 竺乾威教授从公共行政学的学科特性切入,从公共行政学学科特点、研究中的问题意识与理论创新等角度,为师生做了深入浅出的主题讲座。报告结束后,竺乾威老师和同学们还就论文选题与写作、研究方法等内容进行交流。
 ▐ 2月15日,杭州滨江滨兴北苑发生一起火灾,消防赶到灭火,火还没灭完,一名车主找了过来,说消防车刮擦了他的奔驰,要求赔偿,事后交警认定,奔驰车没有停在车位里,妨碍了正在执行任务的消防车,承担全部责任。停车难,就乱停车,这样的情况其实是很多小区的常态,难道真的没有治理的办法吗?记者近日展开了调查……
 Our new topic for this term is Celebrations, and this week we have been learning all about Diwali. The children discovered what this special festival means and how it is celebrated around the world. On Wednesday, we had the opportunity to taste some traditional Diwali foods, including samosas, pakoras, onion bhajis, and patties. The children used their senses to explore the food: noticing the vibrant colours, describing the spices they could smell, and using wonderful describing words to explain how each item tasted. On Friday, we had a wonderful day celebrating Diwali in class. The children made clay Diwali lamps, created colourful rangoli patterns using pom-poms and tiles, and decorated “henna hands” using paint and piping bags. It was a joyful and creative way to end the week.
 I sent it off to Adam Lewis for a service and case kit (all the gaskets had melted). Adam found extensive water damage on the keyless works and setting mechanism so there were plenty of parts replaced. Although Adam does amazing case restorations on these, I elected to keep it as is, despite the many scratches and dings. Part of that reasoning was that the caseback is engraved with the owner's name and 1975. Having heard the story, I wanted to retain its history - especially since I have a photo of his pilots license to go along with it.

○ ○ ○ ○ ○

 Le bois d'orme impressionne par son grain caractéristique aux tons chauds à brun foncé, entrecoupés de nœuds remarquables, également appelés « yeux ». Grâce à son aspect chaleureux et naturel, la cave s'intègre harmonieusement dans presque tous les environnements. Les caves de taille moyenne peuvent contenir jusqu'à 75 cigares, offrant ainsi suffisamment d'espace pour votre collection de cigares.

○ ○ ○ ○ ○

__Problem__.
Take the listing above and repeat exactly the lines from the one containing "Our new topic" through the one containing "I sent it off", both included.

__Answer box__.
 Our new topic for this term is Celebrations, and this week we have been learning all about Diwali. The children discovered what this special festival means and how it is celebrated around the world. On Wednesday, we had the opportunity to taste some traditional Diwali foods, including samosas, pakoras, onion bhajis, and patties. The children used their senses to explore the food: noticing the vibrant colours, describing the spices they could smell, and using wonderful describing words to explain how each item tasted. On Friday, we had a wonderful day celebrating Diwali in class. The children made clay Diwali lamps, created colourful rangoli patterns using pom-poms and tiles, and decorated “henna hands” using paint and piping bags. It was a joyful and creative way to end the week.
 I sent it off to Adam Lewis for a service and case kit (all the gaskets had melted). Adam found extensive water damage on the keyless works and setting mechanism so there were plenty of parts replaced. Although Adam does amazing case restorations on these, I elected to keep it as is, despite the many scratches and dings. Part of that reasoning was that the caseback is engraved with the owner's name and 1975. Having heard the story, I wanted to retain its history - especially since I have a photo of his pilots license to go along with it.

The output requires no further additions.